*What you will do:*
Strip out all images, then restate the data verbatim.

Data excerpts START

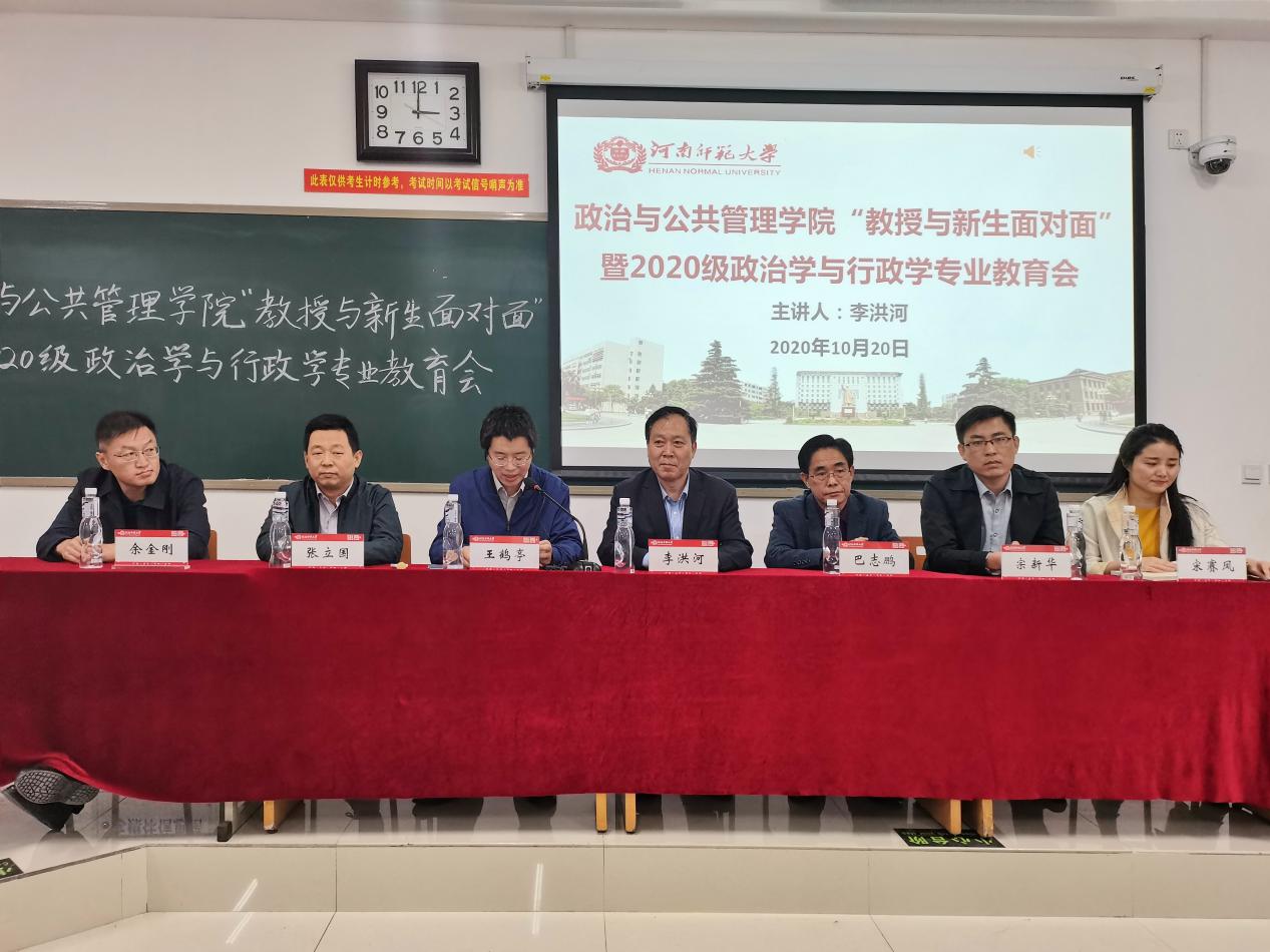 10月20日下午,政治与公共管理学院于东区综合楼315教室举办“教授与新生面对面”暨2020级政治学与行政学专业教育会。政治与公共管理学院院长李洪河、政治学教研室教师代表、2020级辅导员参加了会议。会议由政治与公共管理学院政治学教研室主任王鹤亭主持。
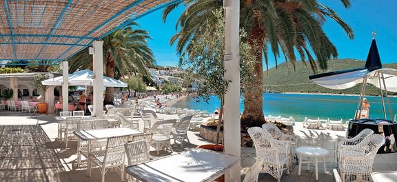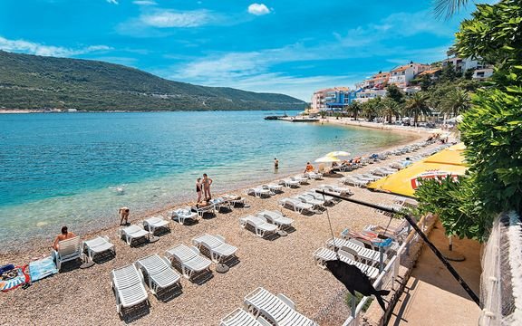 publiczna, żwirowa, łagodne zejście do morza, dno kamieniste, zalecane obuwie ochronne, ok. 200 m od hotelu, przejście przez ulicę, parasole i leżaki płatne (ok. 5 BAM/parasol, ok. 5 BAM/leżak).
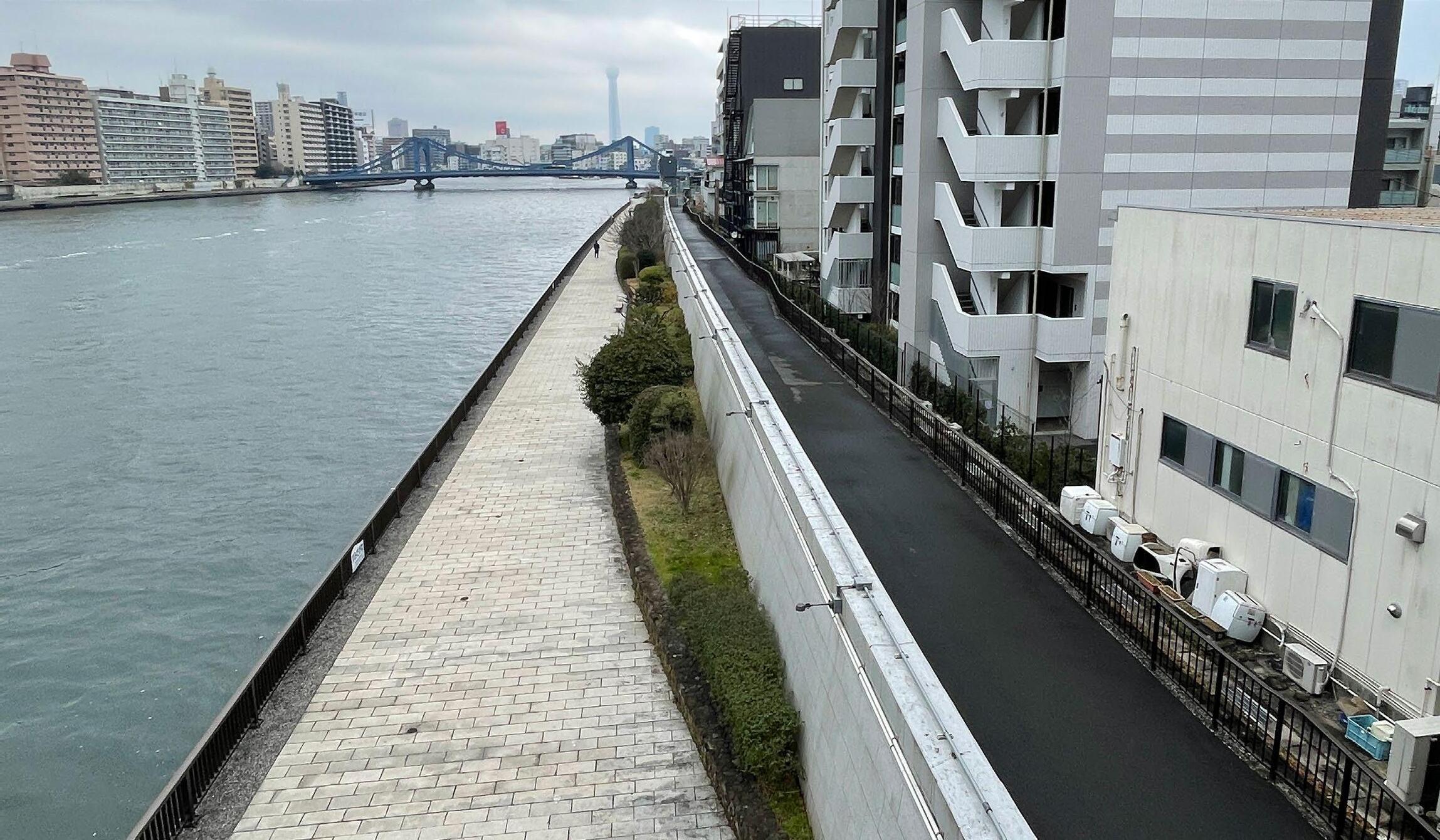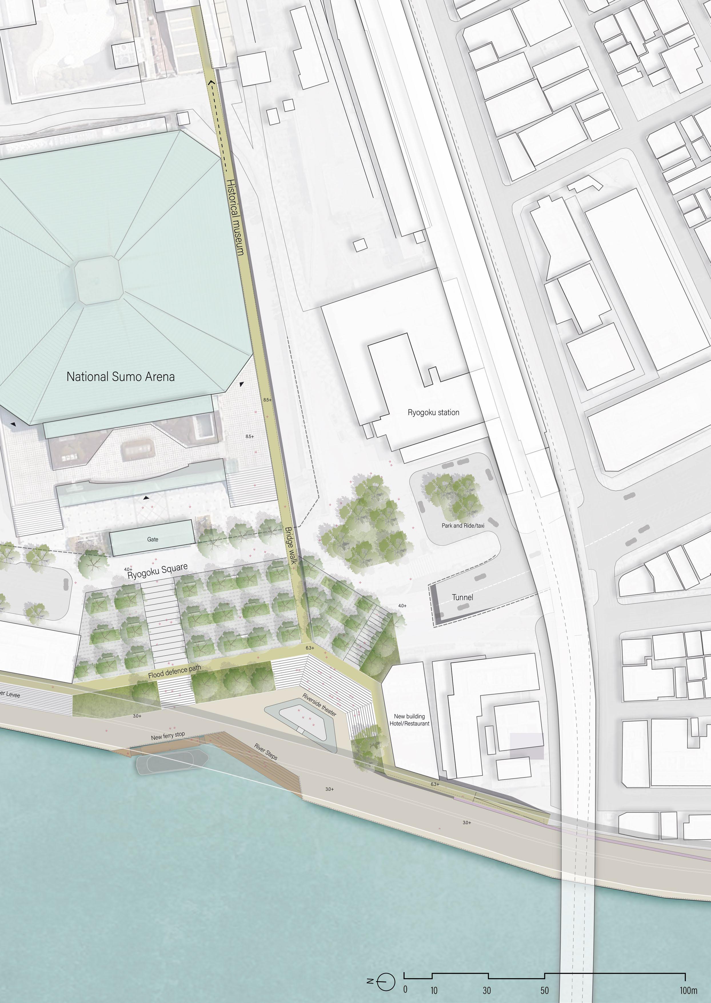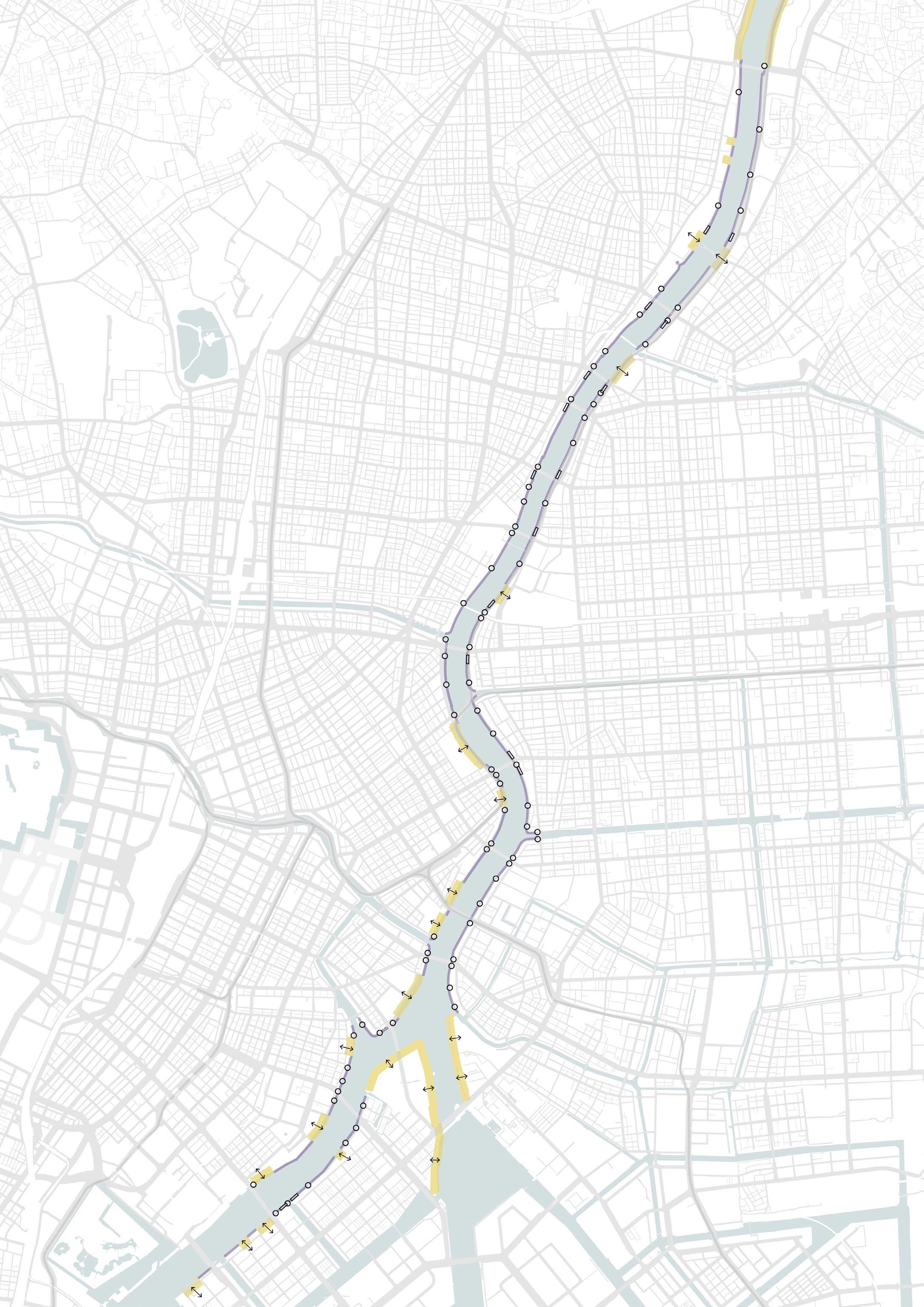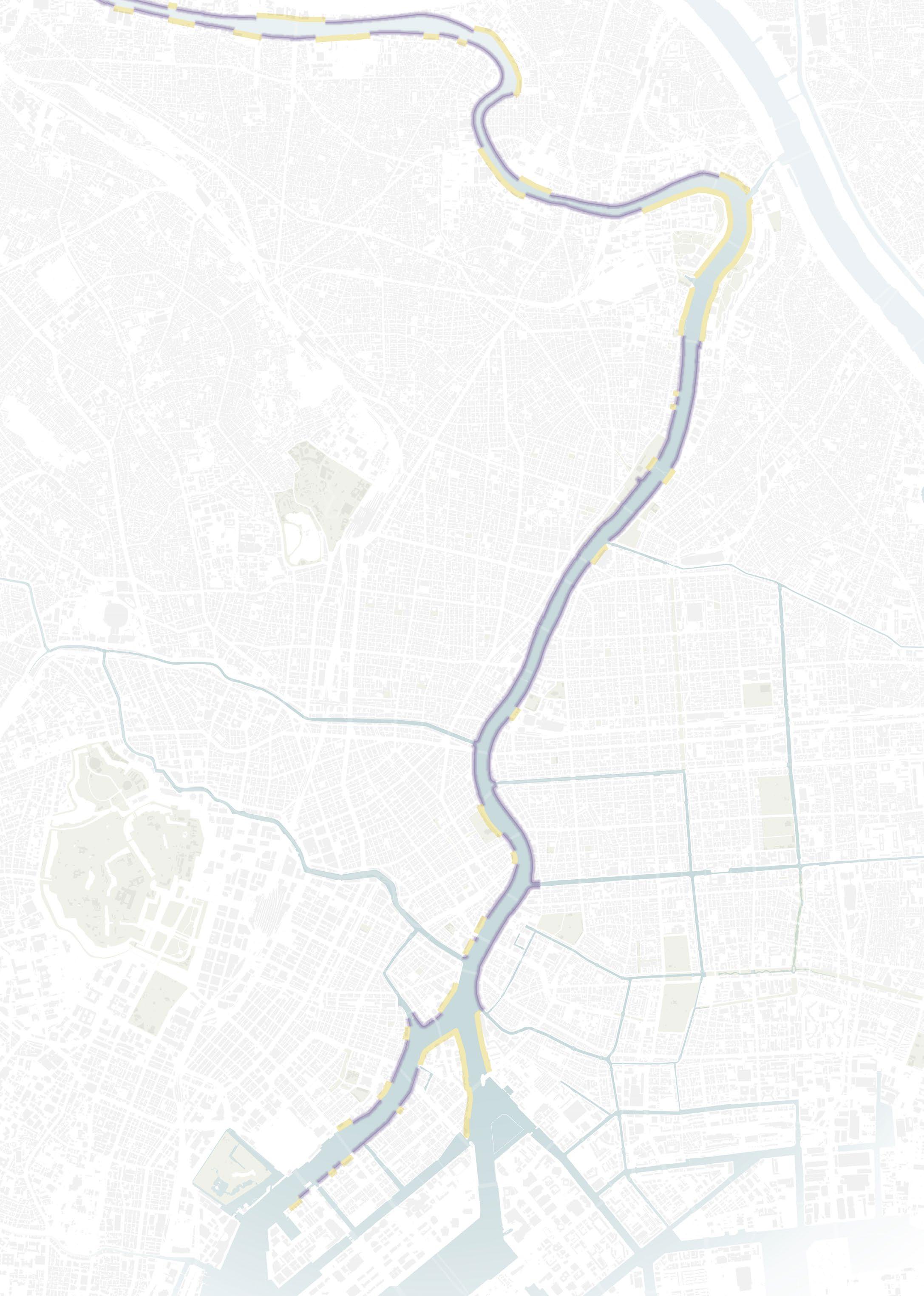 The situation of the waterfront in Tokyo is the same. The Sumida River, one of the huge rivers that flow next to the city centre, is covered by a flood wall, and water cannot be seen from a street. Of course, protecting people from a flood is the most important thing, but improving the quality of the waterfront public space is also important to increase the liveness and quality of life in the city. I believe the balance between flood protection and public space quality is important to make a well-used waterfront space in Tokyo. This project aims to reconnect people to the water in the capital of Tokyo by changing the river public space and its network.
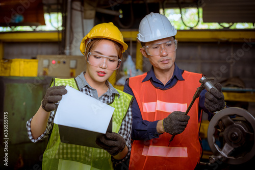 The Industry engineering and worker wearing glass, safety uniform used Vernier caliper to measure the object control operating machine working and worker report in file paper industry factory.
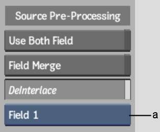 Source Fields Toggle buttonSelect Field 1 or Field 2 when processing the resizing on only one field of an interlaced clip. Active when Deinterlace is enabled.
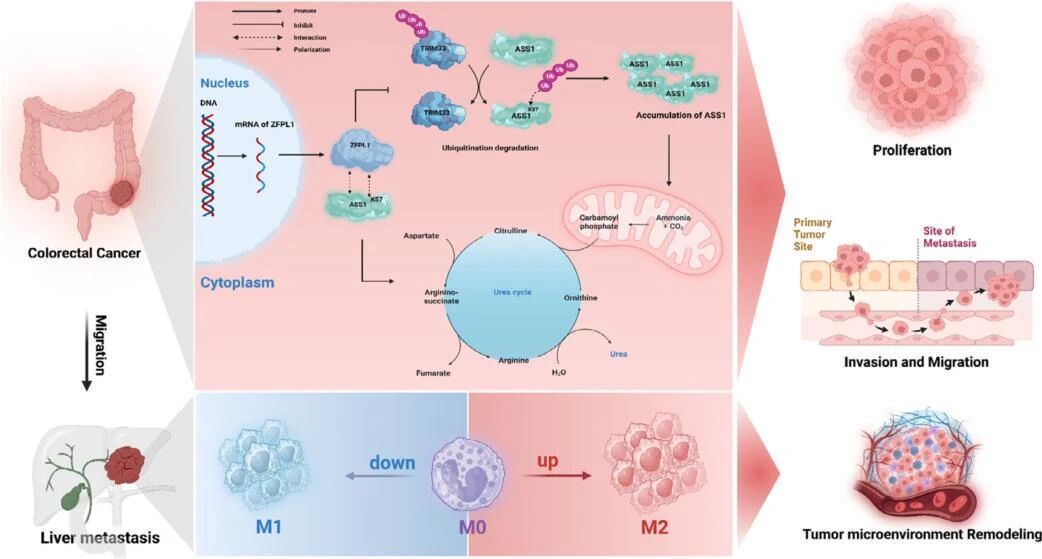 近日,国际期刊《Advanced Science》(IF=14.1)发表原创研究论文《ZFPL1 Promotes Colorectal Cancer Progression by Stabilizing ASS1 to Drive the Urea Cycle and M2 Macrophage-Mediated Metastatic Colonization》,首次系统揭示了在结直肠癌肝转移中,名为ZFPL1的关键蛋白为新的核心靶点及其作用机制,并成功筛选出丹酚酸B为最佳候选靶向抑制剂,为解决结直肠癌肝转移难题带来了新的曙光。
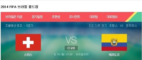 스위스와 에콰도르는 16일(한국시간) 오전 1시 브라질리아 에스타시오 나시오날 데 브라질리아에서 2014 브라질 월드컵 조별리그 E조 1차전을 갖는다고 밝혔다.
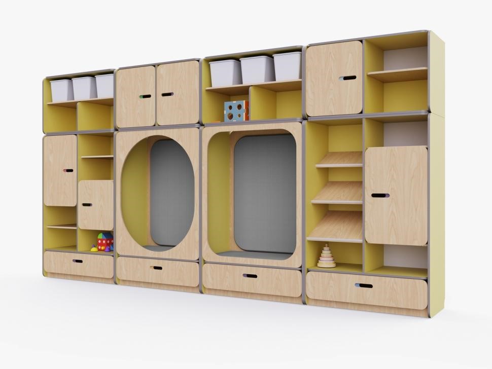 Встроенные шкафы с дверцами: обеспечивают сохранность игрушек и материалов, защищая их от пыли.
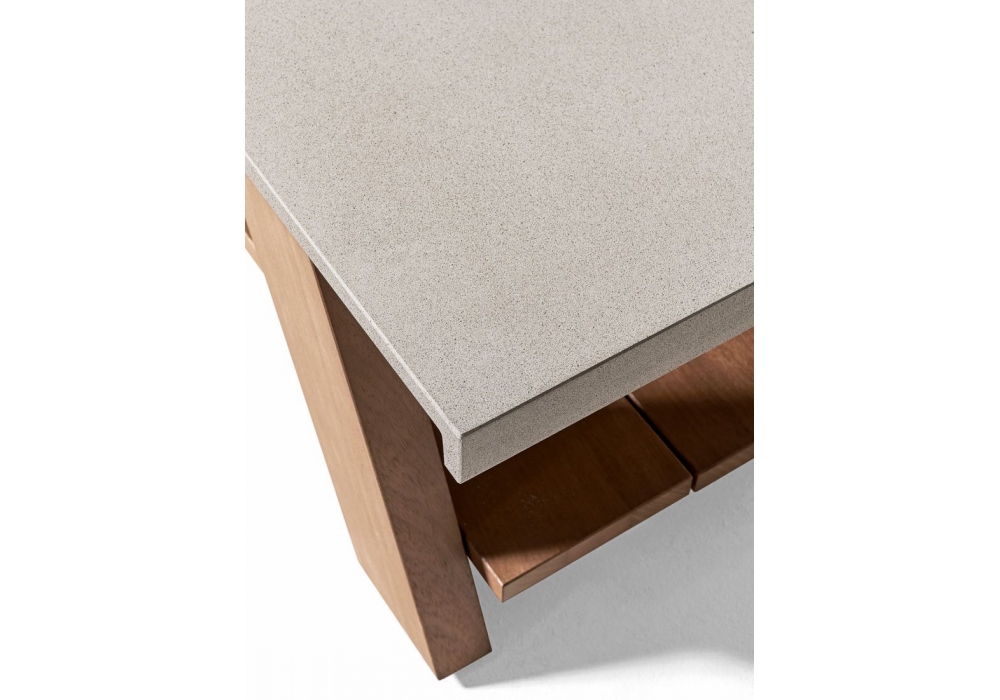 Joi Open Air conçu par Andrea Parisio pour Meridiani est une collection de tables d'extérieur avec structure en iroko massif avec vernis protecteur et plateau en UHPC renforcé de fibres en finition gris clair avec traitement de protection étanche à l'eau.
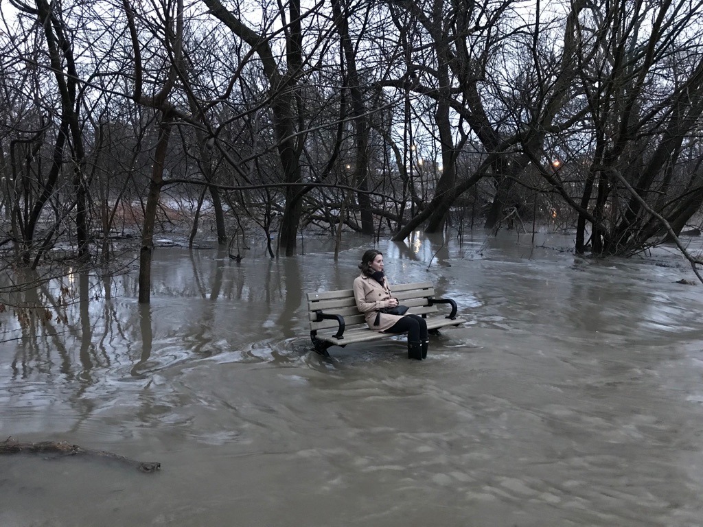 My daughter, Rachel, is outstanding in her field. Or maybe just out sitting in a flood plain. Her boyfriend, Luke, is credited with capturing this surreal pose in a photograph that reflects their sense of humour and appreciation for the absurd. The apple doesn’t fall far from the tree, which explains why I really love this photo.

Data excerpts END

*Answer box:*
 10月20日下午,政治与公共管理学院于东区综合楼315教室举办“教授与新生面对面”暨2020级政治学与行政学专业教育会。政治与公共管理学院院长李洪河、政治学教研室教师代表、2020级辅导员参加了会议。会议由政治与公共管理学院政治学教研室主任王鹤亭主持。
 publiczna, żwirowa, łagodne zejście do morza, dno kamieniste, zalecane obuwie ochronne, ok. 200 m od hotelu, przejście przez ulicę, parasole i leżaki płatne (ok. 5 BAM/parasol, ok. 5 BAM/leżak).
 The situation of the waterfront in Tokyo is the same. The Sumida River, one of the huge rivers that flow next to the city centre, is covered by a flood wall, and water cannot be seen from a street. Of course, protecting people from a flood is the most important thing, but improving the quality of the waterfront public space is also important to increase the liveness and quality of life in the city. I believe the balance between flood protection and public space quality is important to make a well-used waterfront space in Tokyo. This project aims to reconnect people to the water in the capital of Tokyo by changing the river public space and its network.
 The Industry engineering and worker wearing glass, safety uniform used Vernier caliper to measure the object control operating machine working and worker report in file paper industry factory.
 Source Fields Toggle buttonSelect Field 1 or Field 2 when processing the resizing on only one field of an interlaced clip. Active when Deinterlace is enabled.
 近日,国际期刊《Advanced Science》(IF=14.1)发表原创研究论文《ZFPL1 Promotes Colorectal Cancer Progression by Stabilizing ASS1 to Drive the Urea Cycle and M2 Macrophage-Mediated Metastatic Colonization》,首次系统揭示了在结直肠癌肝转移中,名为ZFPL1的关键蛋白为新的核心靶点及其作用机制,并成功筛选出丹酚酸B为最佳候选靶向抑制剂,为解决结直肠癌肝转移难题带来了新的曙光。
 스위스와 에콰도르는 16일(한국시간) 오전 1시 브라질리아 에스타시오 나시오날 데 브라질리아에서 2014 브라질 월드컵 조별리그 E조 1차전을 갖는다고 밝혔다.
 Встроенные шкафы с дверцами: обеспечивают сохранность игрушек и материалов, защищая их от пыли.
 Joi Open Air conçu par Andrea Parisio pour Meridiani est une collection de tables d'extérieur avec structure en iroko massif avec vernis protecteur et plateau en UHPC renforcé de fibres en finition gris clair avec traitement de protection étanche à l'eau.
 My daughter, Rachel, is outstanding in her field. Or maybe just out sitting in a flood plain. Her boyfriend, Luke, is credited with capturing this surreal pose in a photograph that reflects their sense of humour and appreciation for the absurd. The apple doesn’t fall far from the tree, which explains why I really love this photo.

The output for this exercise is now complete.